Q: Well, Mr. Thompson what role did you play in public or community relations?

A: Mrs. Johnson the principal is the aura person number one for his school, the parents of the community they look to the principal, the other people who live in the community they look to the principal. The principal must set that pattern. He must set that atmosphere. He must set that tone, even with his dress. He has to dress properly for the proper occasions. He has to be involved with the community, with the industrial aspects of the community, with the church, with all other parts of the community because he must depend upon the community (the community) for its strength and growth of his school and certainly he has to represent that school well at all times. He must be involved, he must know the community, he must know parents, he must know his children, not in the school building but throughout their day. In other words, he is the principal for 24 hours and they are his children for that length of time each day 365 days a year.

Q: Thank you. What do you think teachers expect principals to be?

A: Teachers many times expect principals to be miracle workers. No, in all sincerity teachers do expect principals to be their leaders. They are looking and expecting the principal to be the one to set the tone. They look to the principal to see that their needs are met within the classroom. It may be even the heat or the cooling of that classroom, they still look to the principal for it. They look to the principal to be the person to see that they have the necessary equipment or tools or books or whatever to do a job and, yes, these are his responsibilities. He should see and make every effort to see that his teachers and his students have the supplies and the things that they need for their performance. There are times he needs to serve as the counselor for teachers. Many times teachers too being human, they need someone to be able to confide in even sometimes they can be very personal things but that principal should be there to lend an ear. You know, I can recall that many times teachers come in to talk with me about problems and they would talk on and on and I would bow my head or give a little nod and they'd continue talking. At the end of the conversation they would get up and say thanks so much I enjoyed this or I feel so much better and truly I (hadn't) hadn't said a word just simply gave that listening ear. So sometimes principals have to just do this too. Be that person that people can come to. Many times parents will come in and want to talk about something, the principal has to be that person that the parents can talk with. And certainly above all, even his smallest child, the kindergarten child can have a problem such as the loss of a pencil which to many of us adults would be only a trivial matter, but to that child that lost pencil is a big problem. So the principal has to help him to solve that problem, not necessarily just give him another pencil but help him to find his.

Q: Thank you. How did you evaluate teachers?

A: In our system we have always had an evaluating instrument which came to us from the administrations or the administration of the system but this instrument always had to be tempered by the principal. He had to or I had to develop things that the teachers knew or what and how they would be evaluated. The instrument was one that the teachers were familiar with. They knew at the beginning of their tenure with us what would be expected and how it would be handled, I evaluated teachers on a daily basis because I saw my teachers each day. I would make classroom visits and share with them. They knew that I would be always looking for things that was going to be helpful in reaching our goals with the children, the center of focus.

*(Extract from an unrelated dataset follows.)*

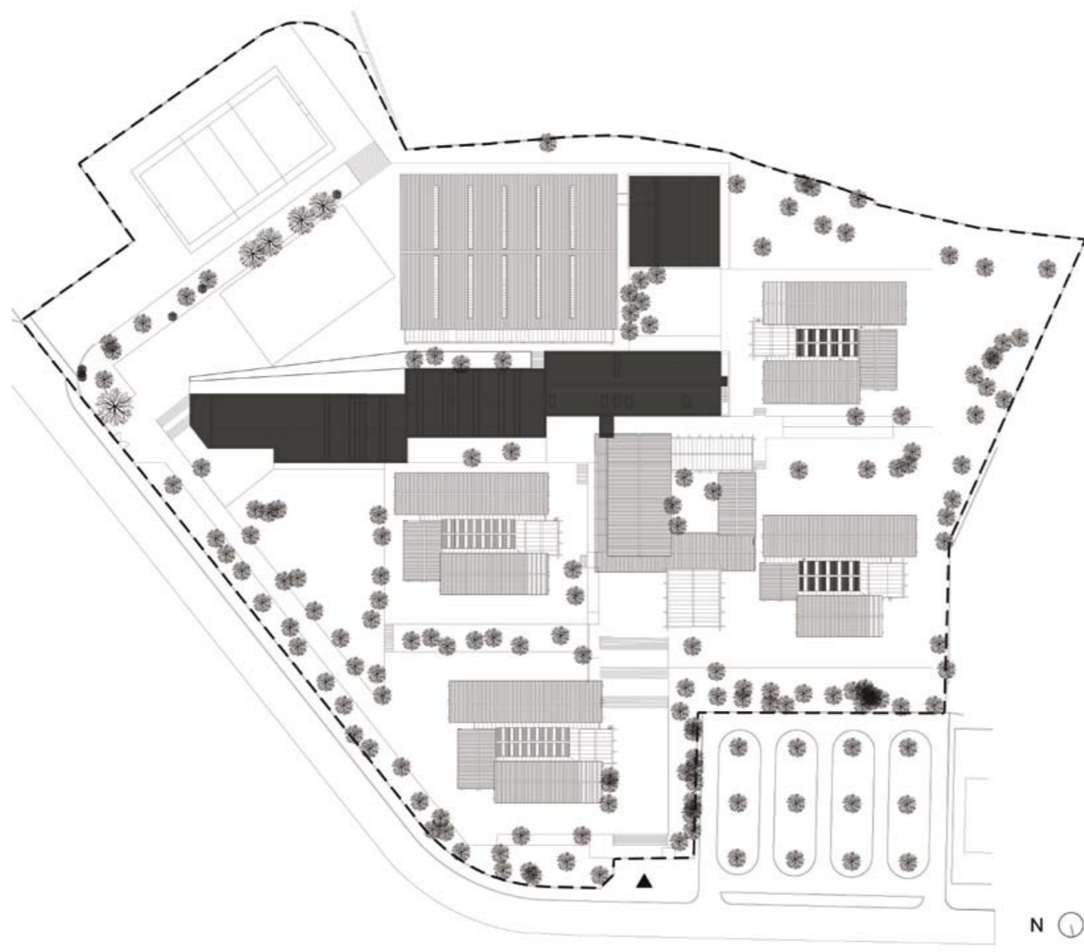
LEGENDA: PLANTA DE IMPLANTAÇÃO

Q: Well, what techniques did you use to make teachers feel important?

A: Teachers are important. They are the most important parts of the school, excluding of course the students, they are number one. But the teachers have to feel that their roles are important and certainly they are the ones who's dealing daily with the instruction and with the development of the boys and girls that we work with, with our product. They are the ones who turn out the finished product. They must feel, they must feel that their roles are important and that their input is of utmost important. This is the key to make that teacher feel that what (he) he or she has to offer is the best.

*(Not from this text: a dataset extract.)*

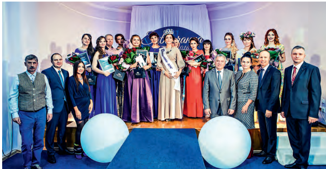
Жюри и организаторы конкурса «Заводчанка-2016»

«С тех пор как я устроилась работать на завод и узнала, что здесь проводят такой конкурс, всегда представляла себя его участницей, но никак не решалась. Теперь понимаю, что зря. В этом году все же сделала этот трудный и волнительный шаг, хотя были мысли: «А вдруг что-то не получится?» Но, к счастью, меня поддержали семья и мой дружный коллектив. Это было действительно здорово. Столько положительных эмоций и внимания! Столько людей нам помогало, такое количество разных профессионалов было задействовано! Все участницы очень переживали, казалось, что нервы не выдержат. Но мы друг друга поддерживали, если у кого-то что-то не получалось — исправляли, смеялись и шутили. Каждому человеку выпадает своя мину-

Q: What did you do personally to make them, make sure they felt how important they were?

A: I tried each morning to speak to my teachers, to let them see me, to know, to find out from them what their needs were. I'd always have time to listen to or make time to listen and the principal's office was never a closed door. That it was always open, always time for them to come in and to share with me. They may would come up with things that I did not want to accept or that I couldn't see that we could accept it at that time or to put it into a program, but, yet they were never shut out or never cut off.

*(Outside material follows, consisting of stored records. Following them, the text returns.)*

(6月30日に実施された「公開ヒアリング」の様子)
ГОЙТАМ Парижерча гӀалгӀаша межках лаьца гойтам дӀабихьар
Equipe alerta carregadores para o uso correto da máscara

Q: What is your philosophy of education, your philosophy of teaching and what is your personal leadership philosophy, Mr. Thompson?

A: My philosophy of education is to prepare young people for life, for living and my philosophy here is that they must be exposed to life situations as many as possible so that they can wisely make decisions (of) of choice. It is so important that young people learn to be able to make the decisions of putting first things first. So (this is) this is what it is in a nut shell. Then my philosophy of teaching, I go back to something that I've always believe that a teacher will never teach a child all that he wants him to know but the teacher will certainly teach that child all that he is. And that is a teacher must be one that is concerned and he must go beyond that he must have compassion, he must have love for his profession and love for the product which is the child that he or she is dealing with. And now Mrs. Johnson my personal leadership philosophy is the same as I have stated about the teacher. The principal is certainly going to exemplify, he is going to certain give to his school all that he is, if he believe strongly in something, the school is going to know it. So therefore (he) he must have good strong morals, where he is going and his reason for going there.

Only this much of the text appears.